The ACLU represented a coalition of civil rights groups, including the New York Immigration Coalition (“NYIC”), in a challenge to the U.S. Department of Commerce’s decision to add a citizenship question to the 2020 census, which the department claimed was for the purpose of facilitating enforcement of the Voting Rights Act. The suit alleged that the citizenship question would cause noncitizen households not to respond to the census, leading to an undercounting, and ultimately, underrepresentation, of communities of color. The suit alleged constitutional violations under the Enumeration Clause and the Equal Protection Clause as well as violations of the Census Act and the Administrative Procedures Act (APA). The APA creates a process by which courts can review a government agency’s justifications for taking an action and strike down the action if the decision is found to be arbitrary or capricious.

The district court found for the NYIC coalition, holding that Commerce Secretary Wilbur Ross violated the APA by acting in a manner that was arbitrary and in spite of overwhelming evidence that the question would cause undercounting of immigrant communities. The court found that the Secretary “failed to consider several important aspects of the problem; alternately ignored, cherry-picked, or badly misconstrued the evidence in the record before him; acted irrationally both in light of that evidence and his own stated decisional criteria; and failed to justify significant departures from past policies and practices.” The court also found substantial evidence that the reasons given for the decision to include the census question were pretextual, and suggested that discriminatory intent may have been found if the plaintiffs had been permitted to gather additional evidence.
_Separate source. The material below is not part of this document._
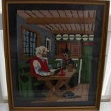 Rammen er 37,5 x 45 cm. Glas over broderiet, rammen har brugsspor, lidt kant slid er ellers i pæn stand..

Because of the mismatch between the Secretary’s stated reasons for adding a citizenship question to the census and the actual evidence on the record, the district court found the ruling to be arbitrary and capicious and vacated it under the APA.

The Trump Administration appealed the ruling to the Supreme Court, which reversed in part and affirmed in part the district court’s holding in a June 2019 decision.

The Supreme Court reversed the lower court’s finding that the Secretary violated the Census Act, but upheld the ruling that the Secretary violated the APA by providing pretextual justification for the decision. The Court concluded that the Secretary provided a sole reason for including the citizenship question—facilitating enforcement of the Voting Rights Act—yet the record showed that the Voting Rights Act played almost no part in the discussions surrounding the decision and was merely a “distraction.” The Court found that the APA required the Secretary to provide a full and honest account of the justifications for its decision, and that his failure to do so justified the district court’s ruling vacating the Secretary’s decision to include a citizenship question on the 2020 census.

The Justice Department and Secretary Ross initially announced that they would abandon the citizenship question and begin to print census forms without it, but President Trump later announced a decision to reverse course and pursue a renewed effort to include the question. In late July, the Trump administration finally abandoned plans to include the citizenship question on the census, a significant victory for voting rights advocates.